March 27, 2006
Allstate Ins. Co. v Yetish Inc. (2006 NY Slip Op 50471(U))
Headnote
Reported in New York Official Reports at Allstate Ins. Co. v Yetish Inc. (2006 NY Slip Op 50471(U))
Allstate Ins. Co. v Yetish Inc. |
2006 NY Slip Op 50471(U) [11 Misc 3d 134(A)] |
Decided on March 27, 2006 |
Appellate Term, Second Department |
Published by New York State Law Reporting Bureau pursuant to Judiciary Law § 431. |
This opinion is uncorrected and will not be published in the printed Official Reports. |
SUPREME COURT OF THE STATE OF NEW YORK
APPELLATE TERM: 2nd and 11th JUDICIAL DISTRICTS
PRESENT: : GOLIA, J.P., RIOS and BELEN, JJ
2005-298 Q C.
against
Yetish Inc. and ANIBAL DEJESUS, Appellants.
Appeal from an order of the Civil Court of the City of New York, Queens County (Howard G. Lane, J.), entered October 12, 2004. The order denied defendants’ motion to dismiss the complaint pursuant to CPLR 3211 (a) (5).
Order affirmed without costs.
In this action, plaintiff insurance carrier seeks to recoup first-party no-fault basic economic loss payments from defendants, allegedly non-covered persons, that it made to its insured following an accident involving a vehicle driven and owned by defendants. Although the suit was brought outside the three-year statute of limitations for personal injuries, plaintiff claimed entitlement to the two-year toll on the running of the statute of limitations provided by Insurance Law § 5104 (b).
The court below properly denied defendants’ motion to dismiss the action. Defendants moved to dismiss solely on the theory that the three-year statute of limitations had run, and raised the issue of plaintiff’s insureds’ prior lawsuit in Bronx County (in which plaintiff herein allegedly could have asserted a lien upon the proceeds pursuant to Insurance Law § 5104 [b]).

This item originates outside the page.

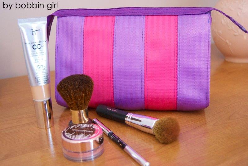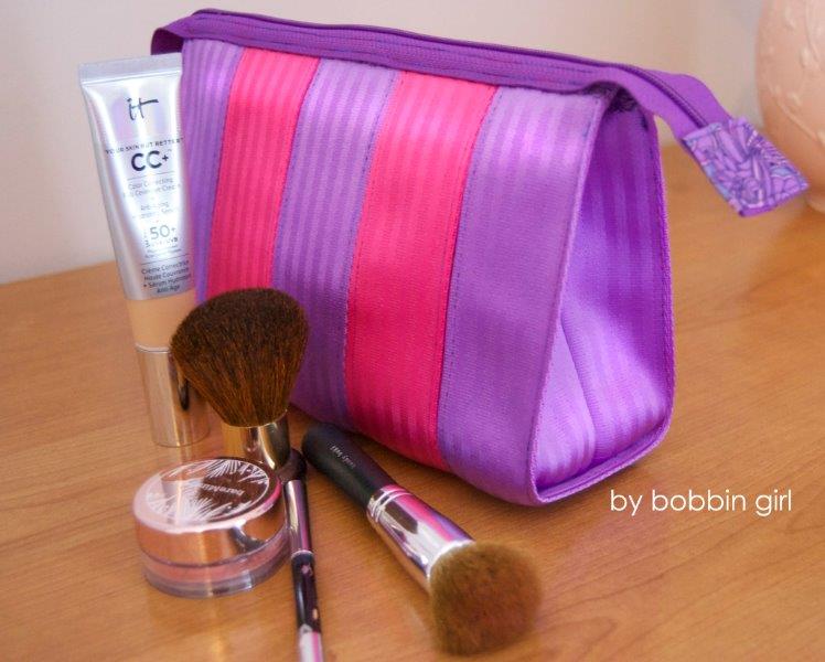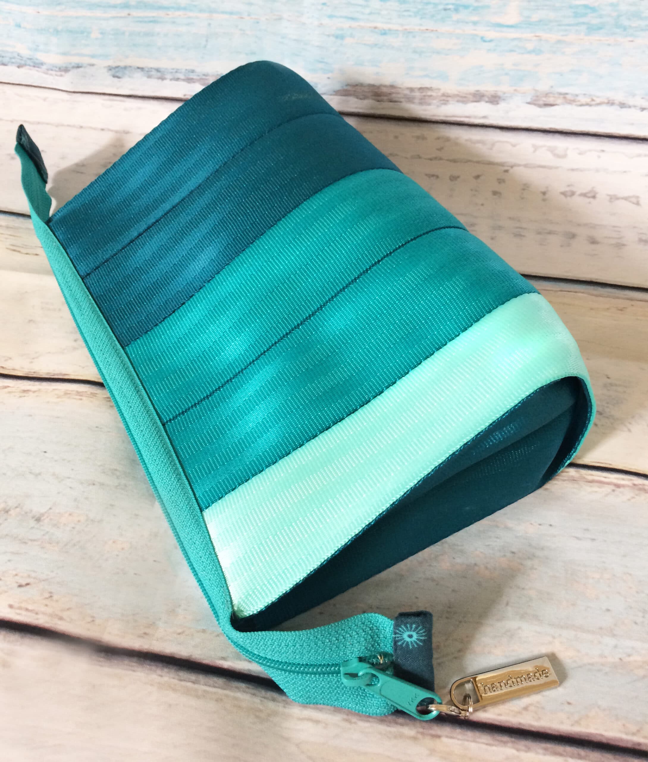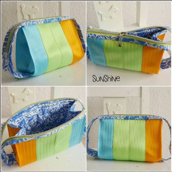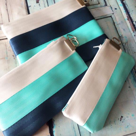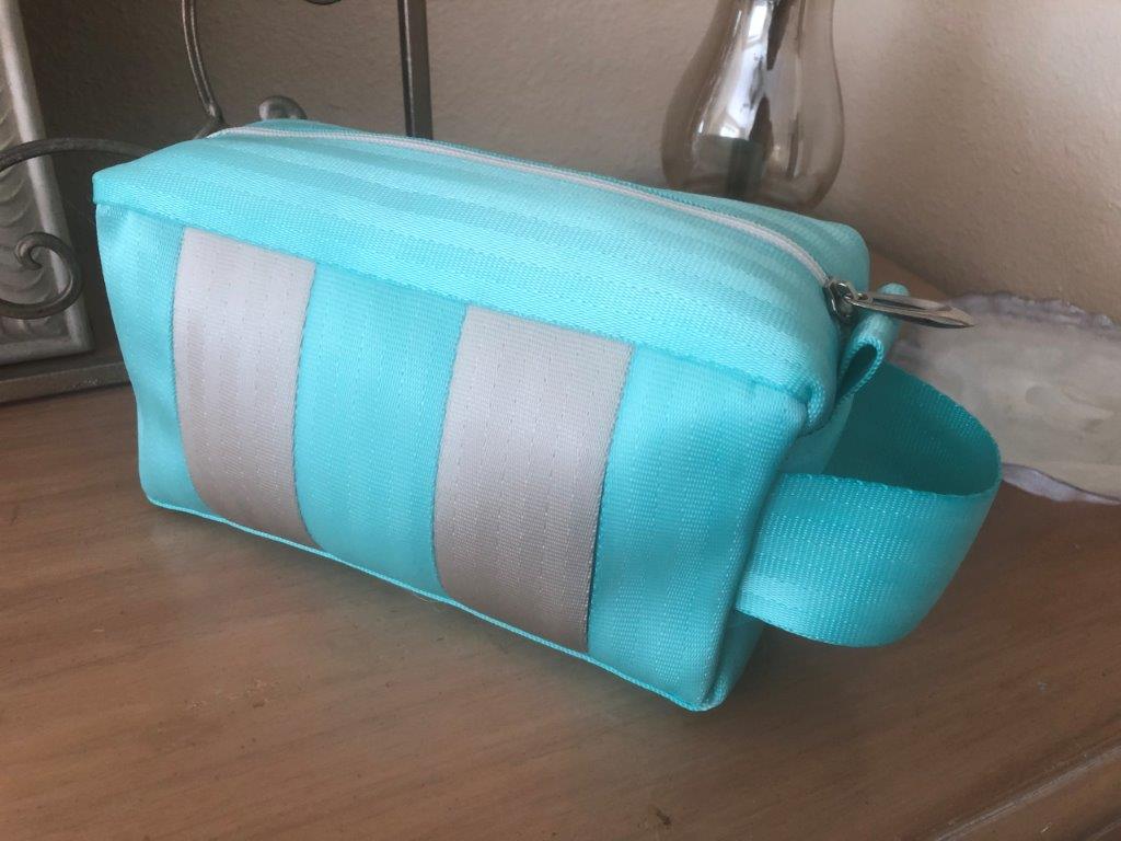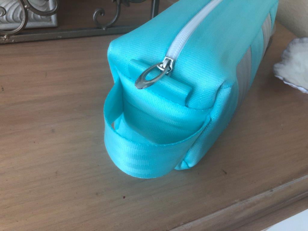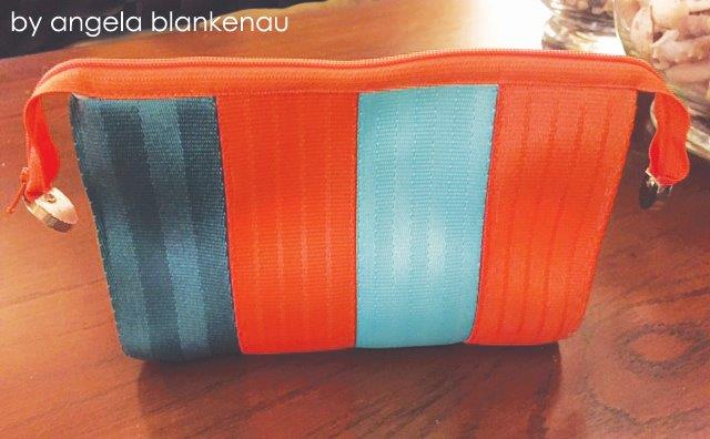- Angela’s cosmetic bag in aqua, orange and minty aqua

Although the statute does not specify against which types of compensation such a lien may be asserted, it is well established in case law that a lien representing basic economic loss benefits paid to an insured can be asserted only against an economic damages award to an insured in a personal injury action, and not against a pain and suffering award (see e.g. Aetna [*2]Cas. & Sur. Co. v Jackowe, 96 AD2d 37, 42 [1983]; Safeco Insurance Co. of America v Jamaica Water Supply Co., 83 AD2d 427 [1981]). The alleged lack of any economic damages claim in the complaint in the Bronx action annexed to defendants’ reply papers was the rationale for the denial of the motion to dismiss.
The motion to dismiss the present action was properly denied because defendants presented insufficient evidence to establish that the present action was excluded from the ambit of Insurance Law § 5104 (b). Defendants presented a copy of a complaint and an index number, which is not evidence sufficient to establish, at this early stage, that plaintiff’s insureds could have or did recover, whether by jury award or settlement, amounts properly attributable to basic economic loss (see e.g. Aetna Cas. & Sur. Co. v S. Siskind & Sons, 209 AD2d 215 [1994]), or that plaintiff could have asserted a lien in the prior action and would therefore be barred from commencing the present action by the three-year personal injury statute of limitations. The foregoing determination is without prejudice to defendants again raising the claim that the
instant action was barred by the statute of limitations upon a sufficient showing,
through documentary evidence, that the plaintiff’s subrogors had instituted a prior
action against them which had the effect of taking the instant action outside of
the tolling provisions set forth in Insurance Law § 5104 (b).
Golia, J.P., Rios and Belen, JJ., concur.